The controller nodes access Slurm configurations and runtime state stored in the Amazon FSx for Lustre file system. The Slurm accounting data is stored in the Amazon RDS for MariaDB database. AWS Secrets Manager provides secure access to the database credentials for the controller nodes.

If there is a status change (Slurm controller is `ON` or `OFF`) in the Slurm controller nodes, Amazon SNS sends notifications to the admin for further action.

This multiple controller nodes architecture eliminates the single point of failure of a single controller (head) node, enables fast and automatic failover recovery, and gives you control over the Slurm accounting database and configurations.
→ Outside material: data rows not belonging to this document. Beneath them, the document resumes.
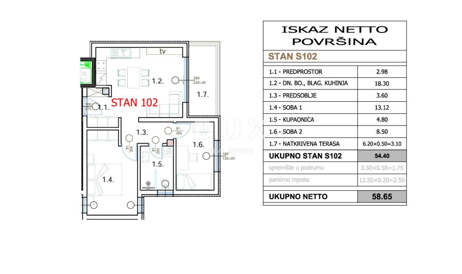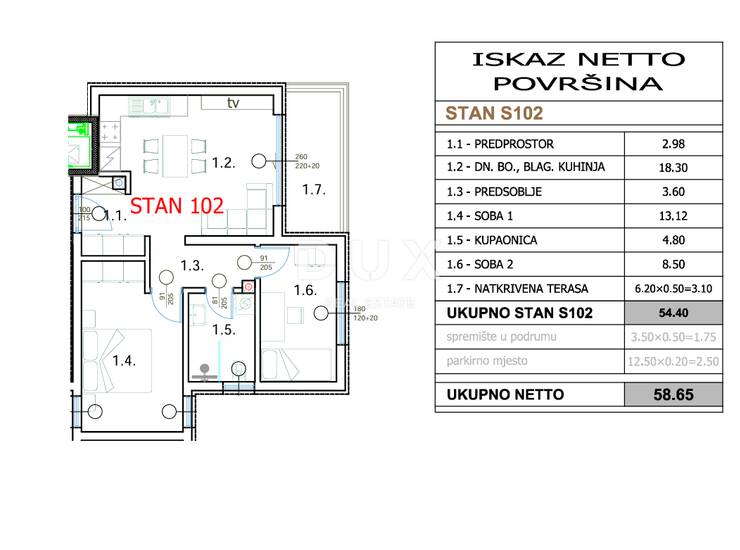 Nekretnini pripada i spremište u podrumu zgrade te vanjsko parkirno mjesto.
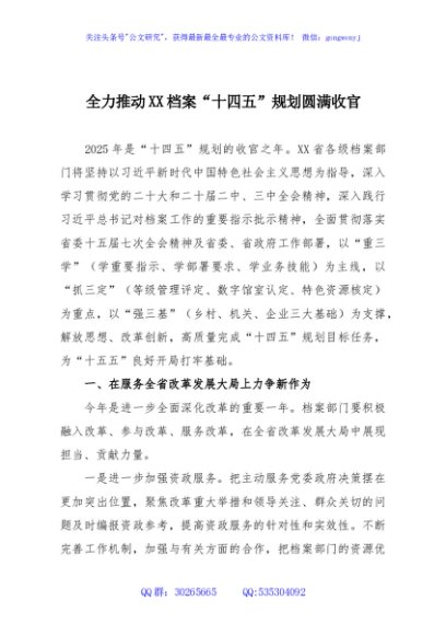 / 全力推动XX档案“十四五”规划圆满收官
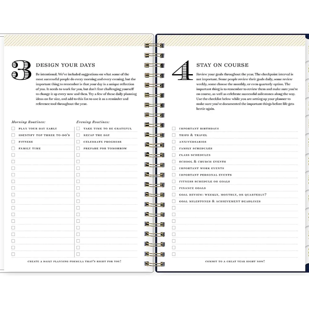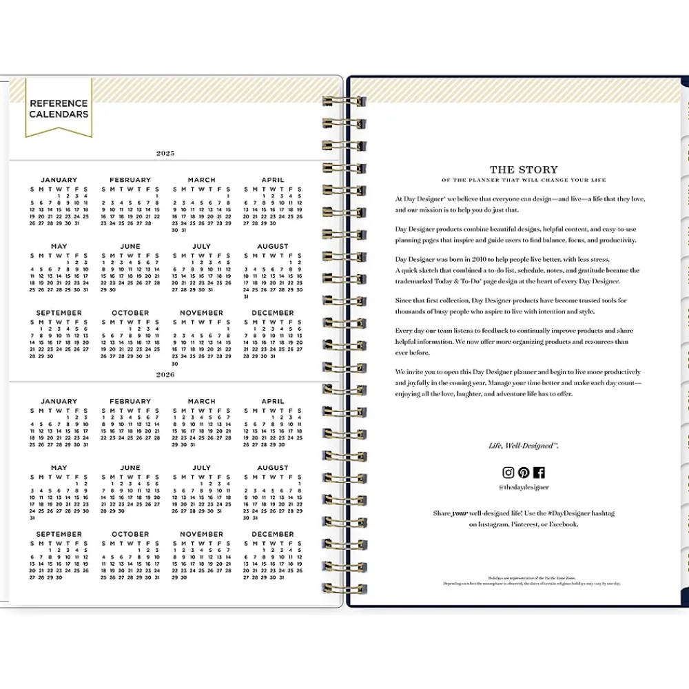 Day Designer for Blue Sky offers an elegant place to plan your year. Organize to-do lists, write notes, and use the four-step planning process to set goals in 2025 with this Meadow planner. Enjoy gold-tone foil stickers, high-quality white paper, and a durable storage folder that withstands daily use.

# Setting up multiple controller nodes for a SageMaker HyperPod Slurm cluster
Setting up multiple controller nodes

This topic explains how to configure multiple controller (head) nodes in a SageMaker HyperPod Slurm cluster using lifecycle scripts. Before you start, review the prerequisites listed in [Prerequisites for using SageMaker HyperPod](sagemaker-hyperpod-prerequisites.md) and familiarize yourself with the lifecycle scripts in [Customizing SageMaker HyperPod clusters using lifecycle scripts](sagemaker-hyperpod-lifecycle-best-practices-slurm.md). The instructions in this topic use AWS CLI commands in Amazon Linux environment. Note that the environment variables used in these commands are available in the current session unless explicitly preserved.

**Topics**
+ [

# Provisioning resources using CloudFormation stacks
](sagemaker-hyperpod-multihead-slurm-cfn.md)
+ [

# Creating and attaching an IAM policy
](sagemaker-hyperpod-multihead-slurm-iam.md)
+ [

# Preparing and uploading lifecycle scripts
](sagemaker-hyperpod-multihead-slurm-scripts.md)
+ [

# Creating a SageMaker HyperPod cluster
](sagemaker-hyperpod-multihead-slurm-create.md)
+ [

# Considering important notes
](sagemaker-hyperpod-multihead-slurm-notes.md)
+ [

# Reviewing environment variables reference
](sagemaker-hyperpod-multihead-slurm-variables-reference.md)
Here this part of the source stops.